William Taylor Barry (February 5, 1784 – August 30, 1835) was an American statesman, jurist and slave owner. He served as Postmaster General for most of the administration of President Andrew Jackson and was the only Cabinet member not to resign in 1831 as a result of the Petticoat affair.

History
Born near Lunenburg, Virginia, he moved to Fayette County, Kentucky, in 1796 with his parents John Barry, an American Revolutionary War veteran, and Susannah (Dozier) Barry. He attended the common schools, Pisgah Academy and Kentucky Academy in Woodford County, Transylvania University at Lexington and graduated from the College of William & Mary at Williamsburg, Virginia in 1803, after which studied law and was admitted to the bar in 1805. He commenced practice at Jessamine County, Kentucky and then at Lexington.

Political life
Elected to the Kentucky House of Representatives in 1807, Barry became a member of the U.S. House of Representatives from 1810 to 1811, then served in the War of 1812. From 1815 to 1816, he became a U.S. Senator from Kentucky, then won election to the Kentucky Senate and served from 1817 to 1821. During his time in the Kentucky Senate Barry wrote to former President James Madison seeking support for a plan of subsidizing public education across the state; Madison responded enthusiastically and included in his letter of August 4, 1822 the often-cited observation: "A popular Government, without popular information or the means of acquiring it, is but a Prologue to a Farce or a Tragedy; or, perhaps both."

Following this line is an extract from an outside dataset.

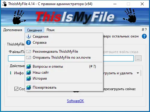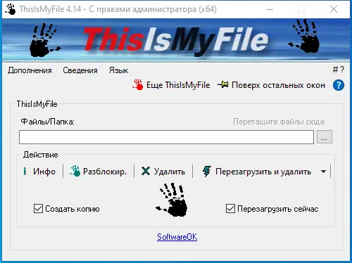 Использование ThisIsMyFile не требует специальных знаний. Достаточно запустить программу, перетащить нужный файл или папку в её окно либо выбрать элемент через диалог выбора. После этого утилита покажет, какие процессы используют данный файл, и предложит разблокировать его. При необходимости можно активировать опцию создания резервной копии. Если файл невозможно удалить сразу, программа добавит его в очередь на удаление при перезагрузке — функция особенно полезна при работе с системными или заражёнными файлами.

Meanwhile, Kentucky suffered from the Panic of 1819 and Barry became a leading figure in the debt relief party, which was successful in the elections between 1820 and 1824, although less successful when creditors challenged the relief laws in the courts. As a lawyer, Barrry argued in support of those laws, which the Kentucky Court of Appeals overturned in 1823. Barry also became the sixth Lieutenant Governor of Kentucky (1820 to 1824), then served as Secretary of State of Kentucky (1824 to 1825). He resigned that position to become Chief Judge of the Kentucky Court of Appeals (the predecessor to the Kentucky Supreme Court) for the 1825 term during the Old Court - New Court controversy. Although the Old Court party won the 1826 elections, Barry ran for Governor of Kentucky in 1828.

Barry became U.S. Postmaster General in Andrew Jackson's administration, serving from 1829 to 1835. While Postmaster General, he outlawed the mailing of William Lloyd Garrison's abolitionist newspaper, The Liberator.

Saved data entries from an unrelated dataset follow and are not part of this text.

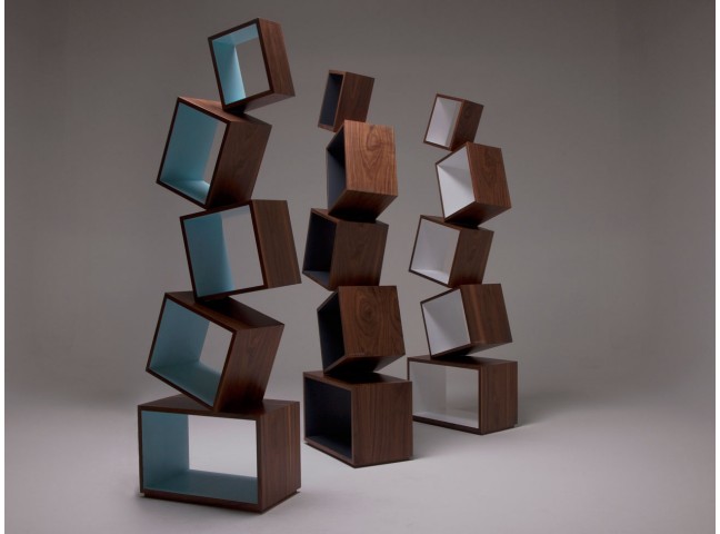 With its cantilevered modules stacked upon each other at a single angled point, Equilibrium five-tier bookcase by Malagana Design is a unique furniture piece that immediately catches attention by creating a sense of amusement and surprise.
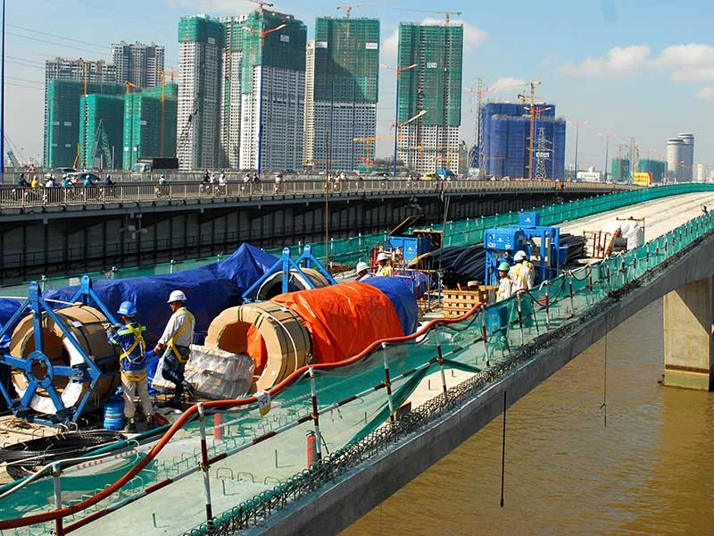 Sử dụng đồng vốn đầu tư hiệu quả sẽ tạo ra sức bật rất lớn cho nền kinh tế. Trong ảnh:Thi công tuyến đường metro của TP.HCM đoạn cầu Sài Gòn. Ảnh: HTD
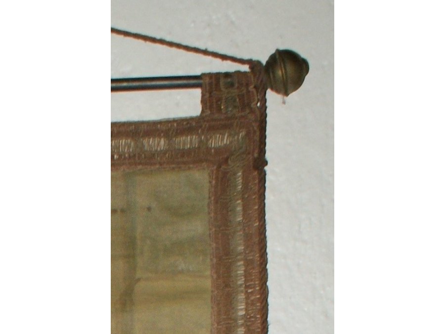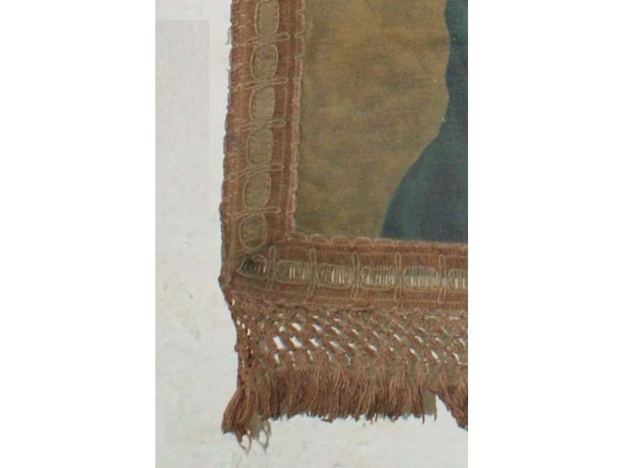 Il s'agit ici d'une toile imprimée ou peinte suspendue sur une barre en métal par des cordelettes, les bords de la bannière sont garnis de galons.

He was the only member of Jackson's original Cabinet not to resign as a result of the Petticoat Affair, which involved the social ostracism of Margaret O'Neill Eaton, the wife of Secretary of War John H. Eaton by a coalition of Cabinet members wives led by Second Lady Floride Calhoun. Barry, like Jackson, had sided with the Eatons.

Appointments and awards
He was appointed ambassador to Spain, but died before he could take office en route to his post, while stopped in Liverpool, England August 30, 1835. He was originally interred and a cenotaph still stands at St. James's Cemetery, Liverpool, England; he was reinterred in 1854 at Frankfort Cemetery, Frankfort, Kentucky.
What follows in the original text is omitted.